Lotus is progressing the development of the Kayelekera uranium project, in Malawi.

A recently completed definitive feasibility study (DFS) into the restart of the Kayelekera uranium project found that the project would require a capital investment of $88-million with cash costs estimated at $29.1/lb and an all-in sustaining cost of $36.2/lb during the first seven years of production of a ten-year mine life.

Based on an ore reserve estimate of 15.9-million tonnes, at 660 parts per million uranium oxide (U3O8), for 23-million pounds of U3O8, the DFS estimated that the project would produce an average of 2.4-million pounds U3O8 over the mine life.

For its part, A-Cap owns the Letlhakane uranium project, in Botswana, and the Wilconi cobalt project in Western Australia.

Letlhakane could support the production of 3.75-million pound of uranium a year over a mine life of 18 years, and A-Cap was awarded a mining licence for the area in 2016, which is valid for a period of 22 years.

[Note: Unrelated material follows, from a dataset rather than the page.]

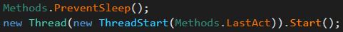 <figure><img src="https://3892796155-files.gitbook.io/~/files/v0/b/gitbook-x-prod.appspot.com/o/spaces%2FZt3ly4wOcBID8vwUbybj%2Fuploads%2FM5fwnh5vJLzz8wCALn5E%2FThreadCreation.JPG?alt=media&#x26;token=f958b97b-18f7-4f87-8f8e-d22d0a51a828" alt=""><figcaption><p>Thread being started with function LastAct</p></figcaption></figure>
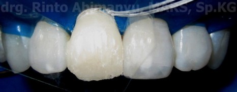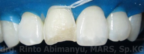 Setelah preparasi terlihat adaptasi tambalan yang lama masih cukup baik sehingga saya tetap pada rencana untuk tidak membongkarnya… Kemudian dilanjutkan dengan proses etsa dan bonding…

“Combining the uranium assets of Lotus and A-Cap creates a dedicated African uranium vehicle that meets the needs of the growing uranium market,” said Lotus MD Keith Bowes.

“Lotus’ resource base will increase almost five-fold, from 51.1-million pounds to 241.5-million pounds, while A-Cap shareholders will gain exposure to a production-ready asset in Kayelekera. The shareholders of both groups will share in the benefits of a long-term development project complementing Kayelekera’s shorter-term uranium production profile.”

The combined entity would also have an enhanced market position and increased trading liquidity, while the transaction will offer the potential for future inclusion in relevant ASX- and uranium-specific indices.

The companies said in a statement on Thursday that the combined group would accelerate and de-risk the development of Letlhakane by using anticipated free cash flows from Lotus’ production-ready project, while Lotus would offer operational experience and exploration expertise to expedite project development.

The merger would also reduce the risk and uncertainty regarding potential exploration and development as compared to a single-asset company.

The merger is subject to a number of conditions, including regulatory, court and shareholder approvals.